Taller de Comprensión y Producción de Textos I
La sirena irrumpió el silencio del campamento
cortando mi tan armonioso baile con la bella Marilyn. Los gritos desesperados
de mi compañero quitaron mi atención del sueño y me obligaron a levantarme y
tomar, de forma automática, el arma y las botas. Me movía, o por lo menos creo
que mi cuerpo lo hacía; no era mi mente la que le daba las instrucciones. Lo
inmediato y sorpresivo de la situación no le había dado tiempo para ordenar y
organizar las ideas que se paseaban dispersas ante el umbral intermedio del consciente
y el inconsciente. Mi cuerpo salió de la carpa en modo de stand by e intentaba
adaptar sus movimientos a lo que mínimamente percibía.

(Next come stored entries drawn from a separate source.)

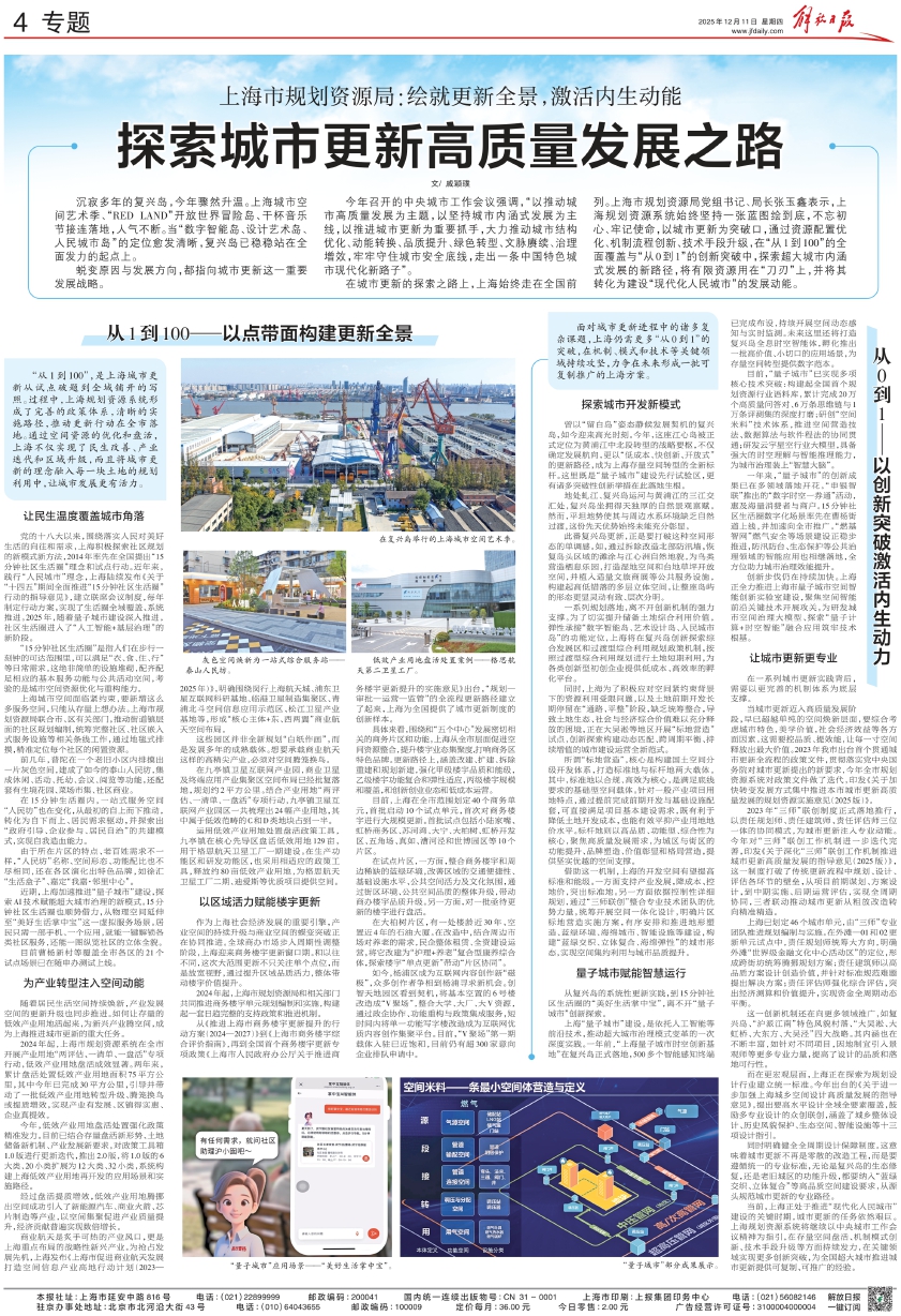 当城市更新迈入高质量发展阶段,早已超越单纯的空间焕新层面,要综合考虑城市特色,美学价值,社会经济效益等各方面因素。这需要控品质、提效能,让每一寸空间释放出最大价值。2023年我市出台首个贯通城市更新全流程的政策文件,贯彻落实党中央国务院对城市更新提出的新要求,今年全市规划资源系统对政策文件做了迭代,印发《关于加快转变发展方式集中推进本市城市更新高质量发展的规划资源实施意见(2025版)》。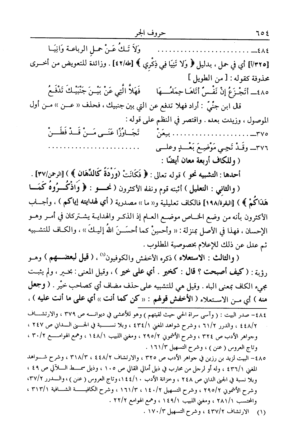 "والثاني: التعليل" أثبته قوم ونفاه الأكثرون "نحو: {وَاذْكُرُوهُ كَمَا هَدَاكُمْ} " [البقرة: 198] فالكاف تعليلية و"ما" مصدرية "أي: لهدايته إياكم". وأجاب الأكثرون بأنه من وضع الخاص موضع العام إذا الذكر والهداية يشتركان في أمر وهو الإحسان. فهذا في الأصل بمنزلة: "وأحسن كما أحسن الله إليك"، والكاف للتشبيه ثم عدل عن ذلك للإعلام بخصوصية المطلوب.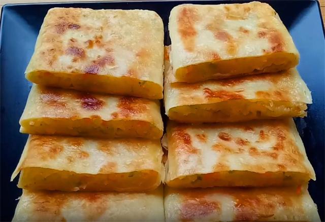 7.这样我们的土豆丝饼就做好了,切开一个给大家看一下,这个饼的饼皮一面是特别的柔软,另一面是酥脆的口感,馅料是特别软糯的,喜欢就赶紧试试吧。 |

Atolondrado, tardé un momento en entender lo
que pasaba a mí alrededor. Todos los soldados corrían y gritaban exaltados
expulsando sonidos extraños de sus bocas. Uno de los muchachos me estiraba su
mano desde el piso como queriendo pedir ayuda; me pareció extraño, como que
algo en él no estaba completo. Se lo atribuí a la somnolencia que sufría en ese
momento. La explosión de los disparos de la metralla antiaérea sacudió a mi
cerebro de manera estrepitosa y ayudo a éste a capturar y encajonar cada idea
en el lugar adecuado. “¡Nos atacan!”, llegué a gritar cuando un zumbido
ensordecedor paso por encima del campamento y consecutivamente una explosión
fuerte calló cerca de donde estaba y abrió los candados que encerraban mis
pensamientos. Quedé inconsciente.
Fue una exclamación desgarradora lo que me
despertó en aquel lugar. Las expresiones de dolor que se escapaban de la salas
se unían en su recorrido por un pasillo y eran expulsados al exterior. Por un
momento creí continuar en el campo de batalla: El ambiente era muy similar.
Veía borroso pero podía percibir corridas, gritos y respiraciones agitadas. Había algo rojo que aparecía en
todas partes, fluía en todos lados en contraste al predominante color blanco.
Mi mente logró al fin controlar la vista y volverla a su funcionamiento
habitual. No tuvo la misma suerte con los oídos que se encontraban aturdidos,
ni con mis adormecidos músculos. Sólo percibía un fuerte ardor en la parte
derecha de las costillas.
Pude notar que estaba en el hospital y que los
médicos me rodeaban preocupados. A mi lado tapaban a un cadáver totalmente
despedazado. Tenía incrustados varios trozos de metal en el lugar del ardor y,
desde allí, salía sangre a montones. Me asusté y comencé a gritar. Mi cerebro
le indicó a las cuerdas bocales hacerlo pero no pudo organizar el mensaje; solo
un incoherente ruido fue emitido hacia los médicos. No sé por qué lo hice, pero
lo repetí una y otra vez. Comenzaba a recuperar la escucha: los médicos decían
que agonizaba, que me debían calmar o empeoraría la situación. Uno de ellos se
acercó con una inyección para drogarme. Le intenté decir que no lo hiciera pero
mi cerebro mal interpretó mi intención y levantó mi cuerpo. El dolor se apoderó
de mí. Entré en pánico.
Una vez que me lograron sostener, los médicos
aplicaron la vacuna y la droga se alojó en todo mi sistema nervioso. No tenía
control sobre mi cuerpo y, en mi mente, las ideas se movían con total libertad.
Vi a Marilyn, me le acerqué y le ofrecí bailar. Era un momento hermoso: solos
los dos, moviéndonos con la música. Entre tanta armonía me puse cerca de su
oído y le susurré: “Nadie nos interrumpirá esta vez”. Y continuamos bailando
para siempre con total tranquilidad.